Aged thirty-three, Dr Satyapal had a thriving practice in the heart of the old city. During the war he had held a viceroy’s commission as a lieutenant in the Indian Medical Service and served with distinction. He was a reserved, thoughtful man with a dry sense of humour, and not naturally comfortable in the spotlight.

  His friend, Dr Saifuddin Kitchlew, on the other hand, was a showman. Two years younger, innately charismatic and bombastically erudite, he was far happier to take to a stage. Kitchlew had studied at the University of Cambridge and had qualified as a lawyer after leaving Peterhouse College. The experience had not been a happy one for Kitchlew. Like Har Dayal before him, he too had faced lonely isolation and peer-group condescension.

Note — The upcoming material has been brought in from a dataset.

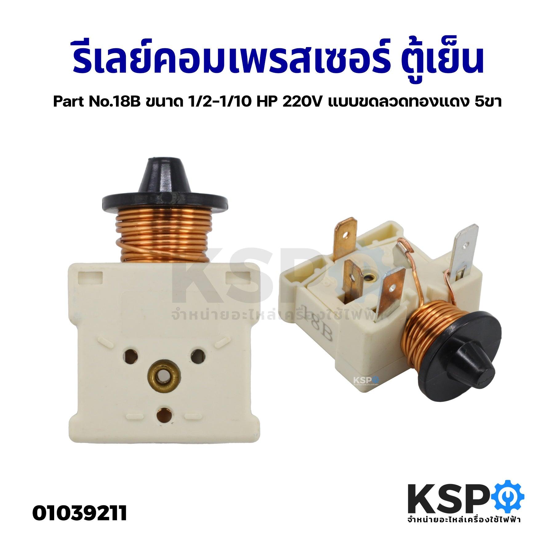 รีเลย์คอมเพรสเซอร์ ตู้เย็น ตู้เเช่ แบบขดลวดทองแดง 5ขา Part No.18B ขนาด 1/2-1/10 HP 220V 5ขา อะไหล่ตู้เย็น

  When Gandhi visited Cambridge in 1909, it changed Kitchlew’s life. Sitting around a table, the two lawyers talked about Gandhi’s developing belief that only non-violent struggle would work against seemingly unassailable powers.11 Little did the idealistic young men realise that, one day in the not so distant future, they would be putting the theory to the test against the mightiest empire in the world.

  Three hundred miles away from Amritsar, Delhi had also ground to a halt in response to Gandhi’s call to inaction. Amid the paralysis, however, scuffles broke out when some food stalls around the main station refused to join the strike. According to British reports, an angry mob gathered round the ‘offending’ stalls and demanded they shut up immediately to show solidarity. Two of the loudest protestors were arrested at the scene and taken to the local police station.

  Fearing the pair might be deported or hanged, crowds gathered outside the police station where they had been taken. They were greeted by police and infantry with guns raised. This only increased tension, and what had started as a noisy demonstration degenerated quickly. A barrage of stones flew at the police. According to the British, men with lathis (long sticks) appeared among the demonstrators. Then, someone gave the order to open fire. Irregular volleys hit the crowd. Two men died instantly. An unknown number were wounded.